■ **EXERCISE BRIEF**
Your answer should be an exact copy of the lines from the one containing "Zinc (Mine) Production" through the last line of the records below, without any pictures.

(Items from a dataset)
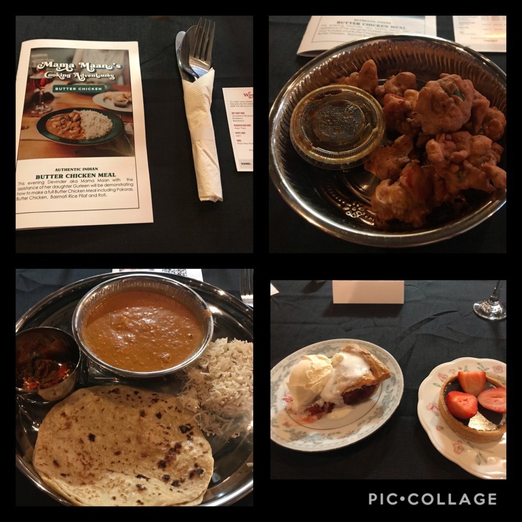 For appetizers, it was the veggie Pakoras, which tasted very fresh. Each person was given a portion of their own. For the main meal itself, as titled by the evening, was Butter Chicken, served with a side of Rice Pilaf and a side serving of Roti. The aromas that filled the air were magnificent and mouth watering. To my surprise, as I think was to a few, I never would have thought about adding spices and oil to my pot as well as an onion before putting in the rice and allowing it to cook together – the results are very tasty indeed. For dessert, we has a chocolate tart with fresh strawberries and pie with ice cream – maybe the next cooking class we take can be to learn how to make these. Each person was given two drink tickets for the evening which we enjoyed through the meal, himself their strawberry lemonade and I had a glass of each of their wines, which I’m thinking the blueberry one is now my favourite.
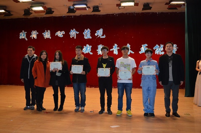 经过评委评分,最终,电智1501的影子剧《征程》以切合主题的表演内容和颇具创意的表现手法获得本届团支部风采大赛一等奖,电气1501等3个支部获二等奖,电气1502等5个支部获三等奖,与会领导上台为获奖支部颁奖并合影留念。
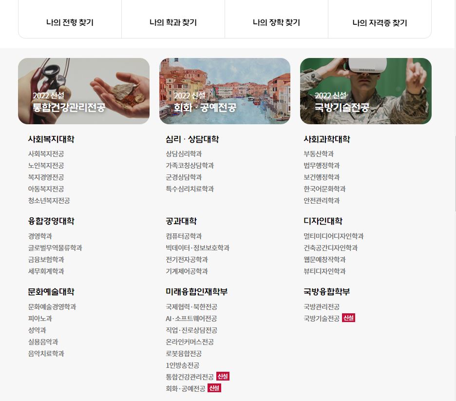서사대의 전공을 한눈에 볼 수도 있습니다. 또한 내가 받을 수 있는 장학혜택이나 내가 관심 있는 자격증과 관련한 전공을 검색할 수도 있습니다. 가능하면 장학혜택을 받으면 학비에 대한 부담도 줄고 학업에 매진할 수 있습니다.
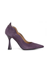 Décolleté da donna in pelle scamosciata dallo stile elegante e femminile. calzatura arricchita da particolare motivo ad onde in pelle. tacco slim leggermente a rocchetto altezza 95mm. soletto in morbido pellame.
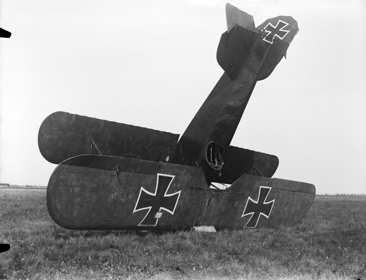 Militärt flygplan Phönix D.I märkt 122.06 tillhörande Österrike-Ungern står på nosen på ett fält, efter haveri. Vy framifrån.
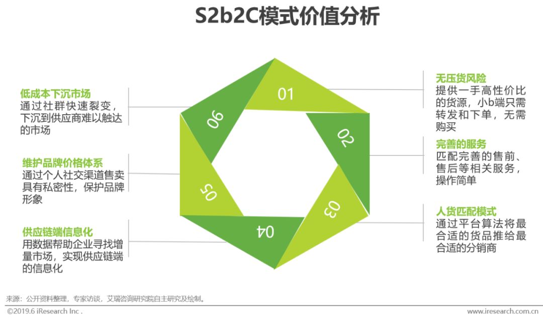 S2b2C模式的优势可分为两层来解读:表层是去中心化服务,表现为平台为小b提供货源与便捷服务,通过小b人群帮助C端消费者找到合适的商品,挖掘他们的潜在需求。深层是整个产业链效率的提高,表现为资源的整合和信息反哺,从而形成闭环,这也是S2b2C最有价值的商业逻辑。比如,C端的消费偏好通过b端反馈到S端实现供应链的信息化, 从而优化生产资源配置,又反之帮助小b端群体精准营销,提高转化率。
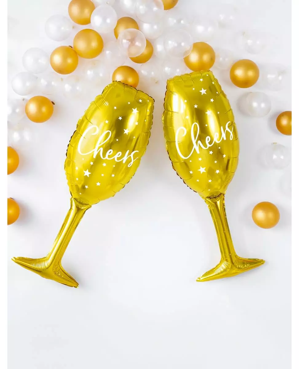 En ballong for å skåle for det nye året! Denne aluminiumsballongen er omtrent 28 x 80 cm. Den er gullfarget og forestiller en champagnefløyte med påskriften «Skål» i hvitt. Blås den opp med luft eller helium for å få den til å fly. Denne ballongen vil være ideell for en glitrende dekorasjon til det nye året! Inkludert tilbehør: 1 ballong Materiale: Aluminium
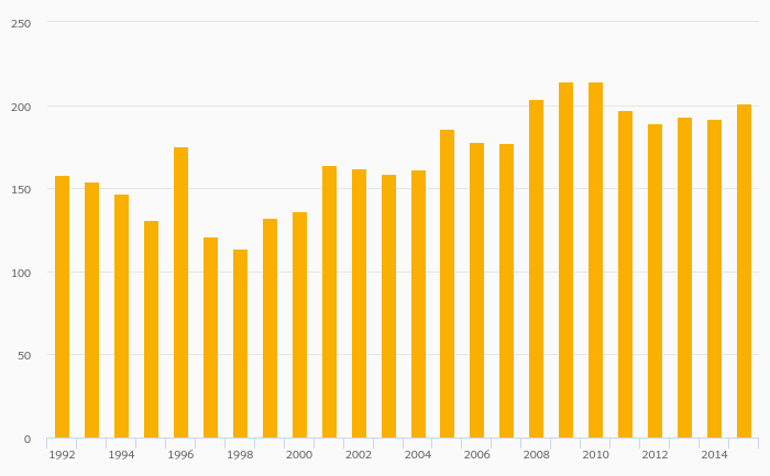Zinc (Mine) Production rose 4.69% to 201 kt in Russia in 2015
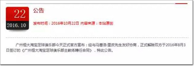 據了解,今年8月3日恒大與里皮簽了合同,聘任其擔任恒大隊下賽季主帥,因此,里皮若赴國足出任主帥,則需要恒大放手,這將讓恒大陷入被動狀況,但現已眾所周知,10月22日17點剛過,恒大官網即公布了一條消息,宣布與里皮簽訂的下賽季執教合約正式解除。隨后,中國足協宣布正式聘用意大利名帥里皮出任中國男足主教練。
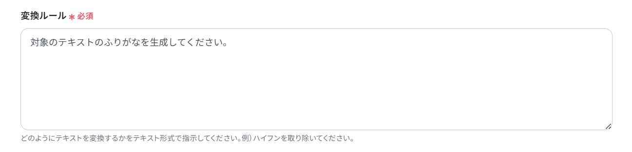 カタカナにしたい場合は、変換ルールで設定している「対象テキストのふりがなを生成してください」の箇所を「対象のテキストのふりがなをカタカナで生成してください」といったように設定してください。

■ **YOUR SOLUTION**
Zinc (Mine) Production rose 4.69% to 201 kt in Russia in 2015
 據了解,今年8月3日恒大與里皮簽了合同,聘任其擔任恒大隊下賽季主帥,因此,里皮若赴國足出任主帥,則需要恒大放手,這將讓恒大陷入被動狀況,但現已眾所周知,10月22日17點剛過,恒大官網即公布了一條消息,宣布與里皮簽訂的下賽季執教合約正式解除。隨后,中國足協宣布正式聘用意大利名帥里皮出任中國男足主教練。
 カタカナにしたい場合は、変換ルールで設定している「対象テキストのふりがなを生成してください」の箇所を「対象のテキストのふりがなをカタカナで生成してください」といったように設定してください。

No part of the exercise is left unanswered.